From Heartbreak to Champion: Tim Kalinowski

By Isabella Apple


Tim Kalinowski was first introduced to the ice at the age of three while living in Colorado by his dad.


“He threw skates on me and just grabbed me by the arms and he did all the skating and took me gliding around the ice for my first experience on skates. I got more into actual hockey when I was around four or five.” said the forward.


The Kalinowski’s moved to Massachusetts where Mr. Kalinowski signed a young Tim up for a Learn to Skate program at 8 am on Sunday mornings. Tim’s dad had grown up a skier and knew that to become great at a winter sport there were a lot of early mornings and late nights in Tim’s future - he wanted to prepare his son early on for this.


Tim remembers those 8 am practices felt like 3 am to his tired brain. The Sunday morning struggle of running out of the warm embrace of his own bed and into the comfort of his mother’s every Sunday to try and just once get out of skating became routine. Although every time Tim got to practice and on the ice, the whining faded away and he just skated.


Tim described his hometown with words from his grandfather. His grandfather said the number of basketball hoops tells you how good the town is at basketball, but in Marblehead, Massachusetts there are hockey nets in every driveway. As a kid, he remembered idolizing the Marblehead High School players “as if they were NHLers” and it became his dream to win a championship for Marblehead like he had watched those before him.


Tim played both hockey and baseball all his life but skated and worked on his hockey always. By the time he started high school he made the varsity hockey team and he and the boys he had started Learn to Skate with began their personal quest to bring a championship back home.


After going 23-0-1 his senior year, setting the regular-season wins record in Massachusetts, they were upset 3-2 in the semi-finals. To this day Tim still considers this one of the worst days of his life.


“It was the worst heartbreak ever. I don’t know if I went to school for two weeks, I was shattered from [losing]. It was absolutely miserable,” recalled the sophomore. “I can’t go back and watch the game, I can’t talk about it, read about it, my parents know we cannot bring [the game] up in our household.”


Tim knew his path was a bit different than his friends as senior year drew to a close and he had applied to post-grad programs to play another year of hockey and baseball instead of the typical college application process.

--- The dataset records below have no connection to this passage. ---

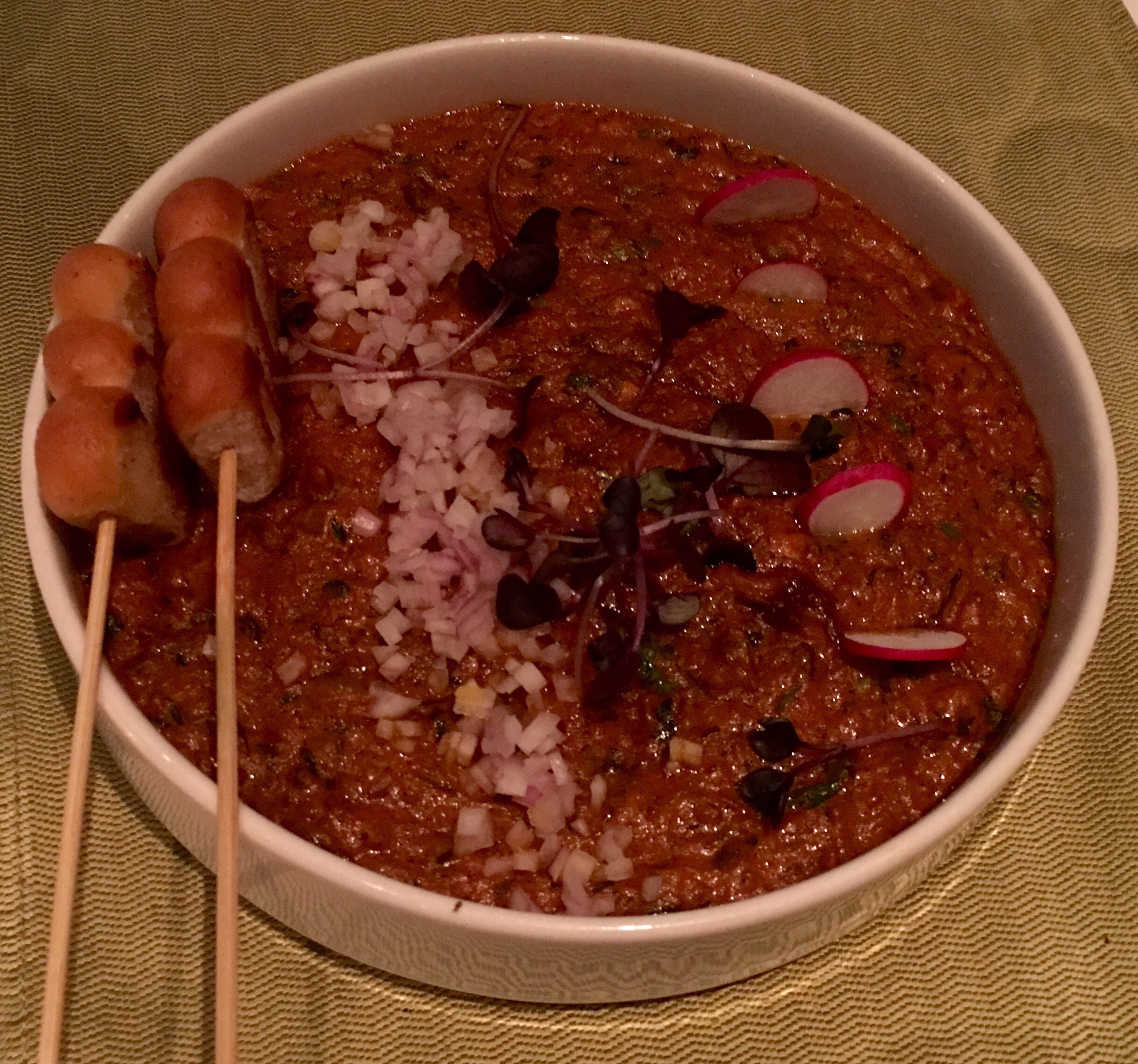 Jeera Khari with herb yogurt was served as our pre starter. Jeera Khari is an Indian puff topped with caraway seeds and it is my teatime favorite. Here it was served with herb yogurt topped with pink peppercorns. Well, who would have thought about this combo? It was fantastic.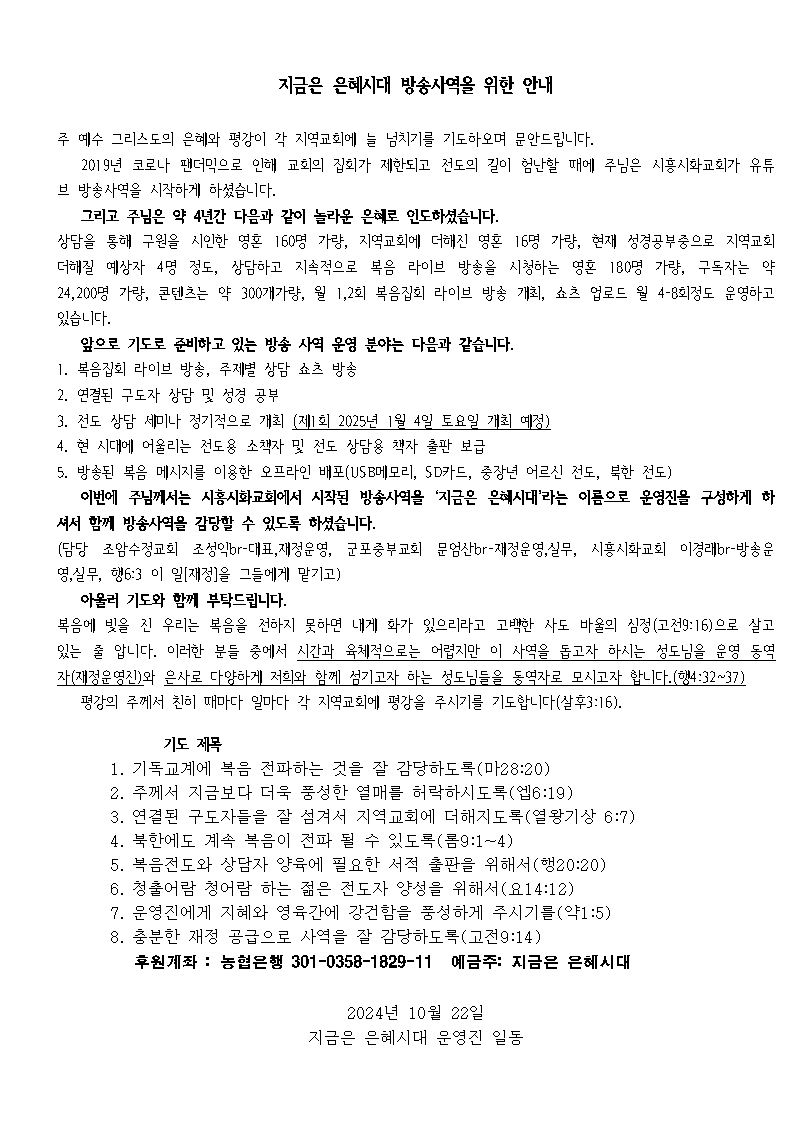 [선교] '지금은 은혜시대' 방송사역을 위한 안내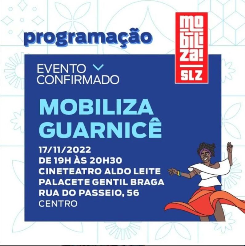 O movimento Mobiliza SLZ traz como parte de sua programação um evento audiovisual promovido em parceria com a  Pró-reitoria de Extensão e Cultura da Universidade Federal do Maranhão: o Mobiliza Guarnicê. No próximo dia 17, será realizada uma mostra especial de produções maranhenses, com videoclipes e curtas-metragens que ganharam prêmios ou se destacaram na última edição do Festival Guarnicê de Cinema, que aconteceu entre os dias 23 e 30 de setembro de 2022.

He was waitlisted at first at Phillips Exeter Academy - his dream post-grad program - but later got off the waitlist at the end of July and jumped right into school again that August.


Despite struggling at first to juggle the advanced academic caliber along with his vigorous hockey and baseball schedules, Tim found his footing and feels it was a necessary transitional year both academically and athletically.


“The thing about going to prep school is it’s great because you get to do another year of maturing before you’re in college. I don’t believe any 18-year-old is really ready to leave home and make decisions on their own.” Tim continued, “it meant so much to me to live at Exeter, but still have my parents only an hour away and able to watch me play. It was a great year developmentally for me.”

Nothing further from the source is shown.